I am used to strat my day with some cookies I buy from Abo Salem moveable shop on my way to work, where fresh smell of these cookies spreads in the neiborhood.
Abo Salem, in his forties, is a poor man who earns his living from selling cakes and cookies. He is a good-hearted man whose smile attracts customers, but there is something in him makes me curious; it is the porte-clés which he keeps holding in his hand kissing it passionately repeatedly.
I came closer to him and asked him about it; he answered me after moments as he heaved a sigh getting all his memories at once, he said: ah young lady.. every key has a separate story which stands for a plight”.
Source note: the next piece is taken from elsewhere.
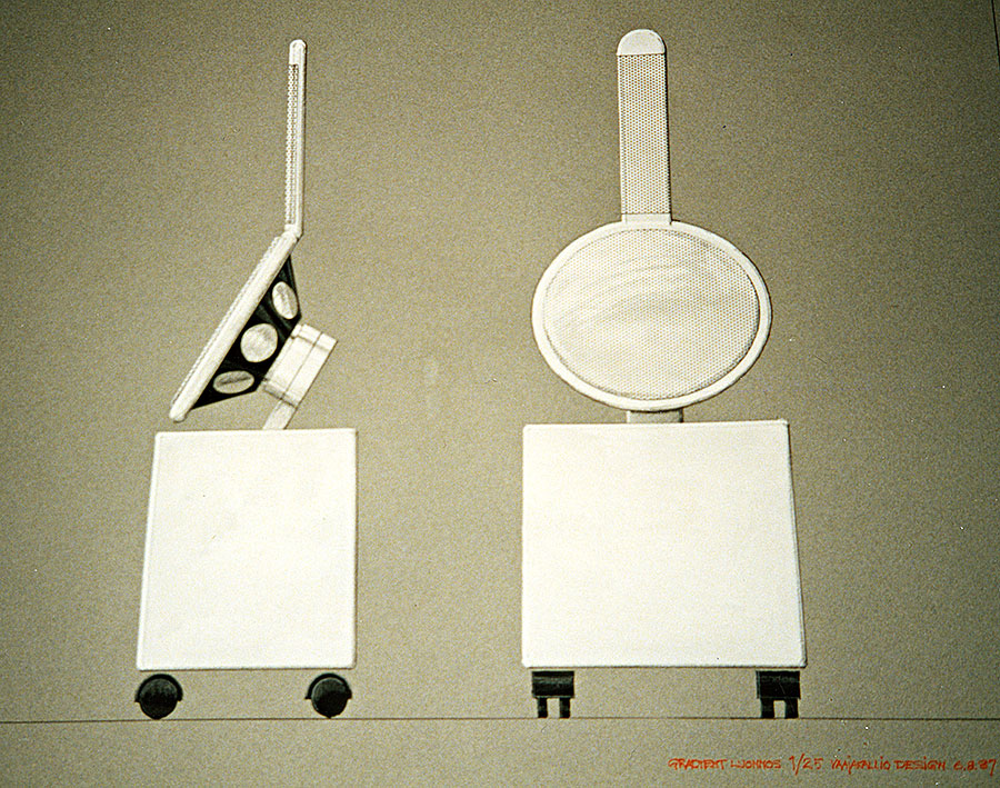 Vaajakallion vuonna 1987 piirtämä luonnos kaiuttimesta, joka ei päässyt tuotantoon.

I did not get what he meant, later he held the keys and started with the first saying: “This is my parents’ house key, I keep it hoping I will someday use it opening its door to remember my precious moments of my mother embracing me for coming home and kissing me, and my father sitting on his favorite couch”.
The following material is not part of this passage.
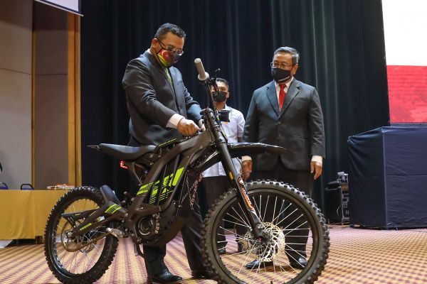 Dato' Menteri Besar, Dato' Seri Amirudin Shari (tengah) menyumbangkan basikal elektirk kepada Unit Pengurusan Bencana Negeri Selangor bagi tujuan operasi pemantauan turut bersama Setiausaha Kerajaan Selangor Datuk Haris Kasim (kanan) pada Majlis Amanat Tahun Baharu di Dewan Jubli Perak Bangunan Sultan Salahuddin Abdul Aziz pada 24 Januari 2022. Foto REMY ARIFIN/SELANGORKINI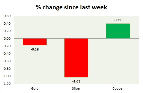 Metal pack is down today. Performance this week at a glance in chart & table -

Moving to another key, he proceeded: “This one is for my motorcycle whose sound I miss a lot; its sound is so special to me”.
“This key is for my aunt’s house as she kept it with me to water her flowers in her house garden as she is abroad “, he added.
He proceeded saying: ” regarding this one, it is a key of my uncle’s house, where he and his sons have travelled to Turkey to earn their living after circumstances get dire”.
“This and this..”, it was a big group series of keys of houses of people, neighborhoods, friends who trusted him with them.
Then he reached to the last key, at which he paused, and said: “Considering this, it is the key of the house of my brother, who I have not seen for 3 years where he was forced to abandon his house as bombardment of its area got intensified”.
“Young lady, I have nothing but for memories of a city from which I was displaced. I fear forgetting them as time passes, but touching the keys makes me see the faces of the owners of those properties; the thing gives me more patience and insistence to hope of getting back again. Although I believe most of them got destroyed, robbed or sold. Yet, my memories are alive”.